When the CCTV was first introduced on the estate there was shown to be a significant drop in the crime rate. Over the first six months alone crime figures fell by 18%. This was very encouraging for all involved in the scheme. It seemed that things were beginning to improve on the estate. Local newspapers were to report “Woodside’s crime rate reduced. Things are on the up” (Telford Journal, 2000). But the euphoria was short lived. The cameras began to be vandalised. No sooner were they replaced than they were vandalised again. This most often was happening within the vicinity of the flats.

“they just kept smashing the cameras up. As soon as the council installed more they were smashed again. Sometimes within a couple of hours. And it was always the ones in the flats. Problem is we could keep an eye on the other cameras but people was too scared to go anywhere near them flats” (resident 2).

So whilst the crime rate was lower on the rest of the estate the rate within the area of the flats was slightly higher than original. There seemed to be a displacement effect. The CCTV blocked the opportunity for crime and therefore offenders selected a target elsewhere. In some cases this was an alternate estate. “Potential offenders are staying away from the areas with working cameras and moving on to other areas like the flats and the other estates that are around because they don’t have the CCTV yet” (police officer). So whilst the cameras prove to be successful on most areas of the estate, it was not a success for the area that most needed it.

“The whole point was to sort out them flats. Now they’re worse than ever. Waste of time and money” (resident 1).

The installation of the CCTV on the estate has been partially successful in its aims. The car parks and the back alleys have lower rates of crime. Some have argued that this is because of the introduction of the street lighting and not the cameras. They argue that the lighting can be up to four time s more effective and costs a lot less. (Nacro,2002).

But others have argued that street lighting should be used aswell as the CCTV otherwise the cameras purpose is pointless. “How can you expect CCTV to be effective if you can’t see anything in the first place?” (McLeod, 2003).

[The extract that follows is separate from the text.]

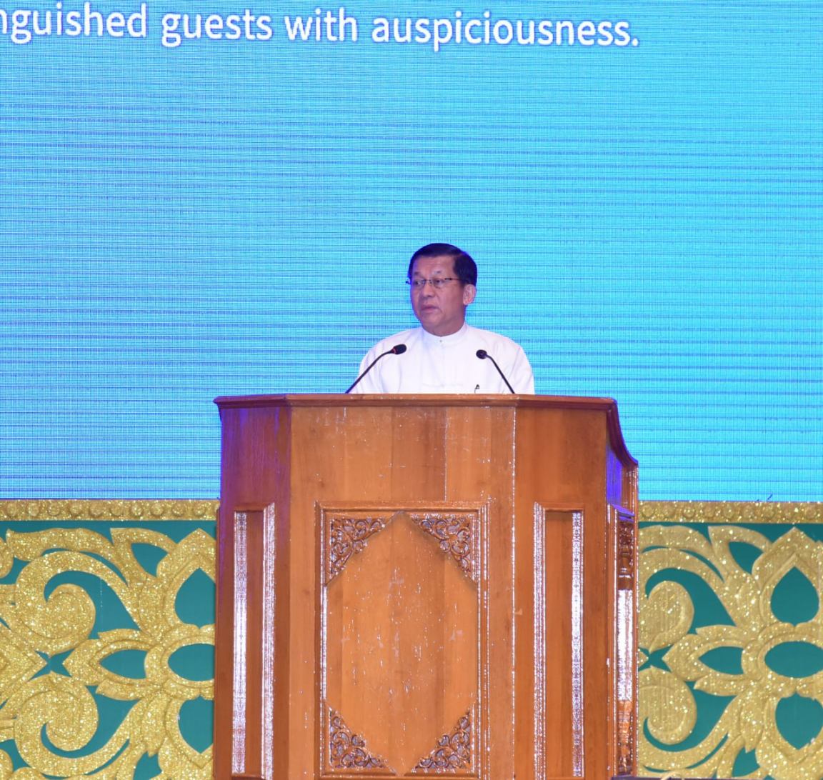 မြန်မာ့မျက်နှာစာသစ်ဖိုရမ်(ယုံကြည်မှု၊ တည်ငြိမ်အေးချမ်းမှုနှင့် ဖွံ့ဖြိုးတိုးတက်မှု) Forum on The Dawn of A New State (Trust, Stability & Development) ဖွင့်ပွဲအခမ်းအနားအား ယနေ့နံနက်ပိုင်းတွင် နေပြည်တော်ရှိ မြန်မာအပြည်ပြည်ဆိုင်ရာ ကွန်ဗင်းရှင်းဗဟိုဌာန(၁) (MICC-1) ၌ ကျင်းပပြုလုပ်ရာ ပြည်ထောင်စုသမ္မတမြန်မာနိုင်ငံတော် ယာယီသမ္မတ နိုင်ငံတော်လုံခြုံရေးနှင့် အေးချမ်းသာယာရေးကော်မရှင်ဥက္ကဋ္ဌ ဗိုလ်ချုပ်မှူးကြီး မင်းအောင်လှိုင် တက်ရောက်အမှာစကားပြောကြားသည်။
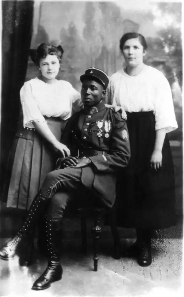 Французский морпех из колониальных войск в компании немецких фройляйн, 1920 год, Рейнская область

This is indeed a valid point. It would seem the cameras were most effective when used in combination with the lighting and the securing of the back alleys. It also worked well because of the commitment and support of the police, council and the community. Although the outcomes of the project were not the ones that all involved would have hoped for they do believe that it has been very worthwhile. There have not been drastic reductions to the crime rate but it is lower and that in itself is a success.

The one place that it needed to be lowered and needed drastic change has gone undeterred. It has been recognised by the majority of people involved in the estate that drastic measures need to take place to have any effect on the flats and the crime rate within and around them. Meetings within the council and community are continuously on going to discuss what shall happen with them It has been suggested that the residents of the flats should be relocated and the flats themselves torn down. This originally met with conflicting views but it seems that it will be going ahead in the very near future.

It can be argued that this will no doubtedly cause a displacement effect within the surrounding areas. Especially if the residents are relocated to other estates. But only time will tell. It would of some interest to look at the effects of this at some point in the future.